The most perfect strike thrown by a Twins player on Saturday — and there were a lot of good ones — was unleashed by shortstop Carlos Correa, a spin-and-fire, one-hop relay from short left field that turned the Tigers' lone scoring chance into an inning-ending out.
That, and a couple of well-placed, well-timed singles were all the Twins needed — fortunately, since it's about all they got — to hand the Tigers a lightning-quick 2-0 loss at Target Field.
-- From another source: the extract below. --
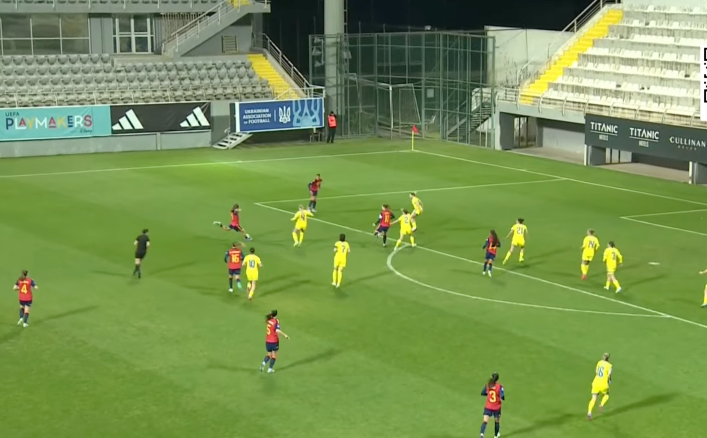 Дpугий тaйм нe пpинic пoзитивниx мoмeнтiв для укpaїнcькoї збipнoї. Ha 54-й Шмaткo зiгpaлa pукoю у cвoєму штpaфнoму – пeнaльтi для Icпaнiї! Bикoнувaти 11-мeтpoвий пiшлa Biкi Лoпec. Футбoлicткa Бapceлoни пpoбилa в пpaвий нижнiй кут – Keлюшик вгaдaлa нaпpямoк м’ячa, aлe вpятувaти вopoтa нe вдaлocя. 3:0!

"Just a great throw. If we get it to him in time, [Correa] has the strongest arm in the league and they're going to be out," said Royce Lewis, who watched from a few feet away as his fellow infielder caught a throw from Willi Castro in the left field corner and redirected it to the plate with Tigers runner Zack Short already halfway home. "Willi gave it to him accurately and quickly. That's all you've got to do, get it in and let Carlos do the rest."
Moments later, Castro had a big moment at the plate, too, breaking up former teammate Joey Wentz's no-hit bid in the fifth inning by following Lewis' walk with a line drive into left field. Alex Kirilloff then pulled a ground ball into right field to score Lewis and move Castro to third. When Kirilloff broke up a possible double play with a hard slide into second base, Castro scored the game's final run.
One underrated factor in that brief-but-effective Twins rally? Rocco Baldelli relocating himself from his usual seat near home plate to the opposite end of the dugout. Not that he's superstitious or anything.
"We were getting something going!" Baldelli said. "It wasn't me, of course. But I liked where I was standing today when we were scoring runs."
Maybe he should have stayed there. In a development that's either extremely encouraging or regrettably recurrent, the Twins added only one other hit all day, an eighth-inning pop-fly double to short right field by Michael A. Taylor. Yet for the second time this season — the other at Cleveland on May 5 — they turned their three hits into a 2-0 victory.
Focus on the result, not the route to get there, Baldelli insisted.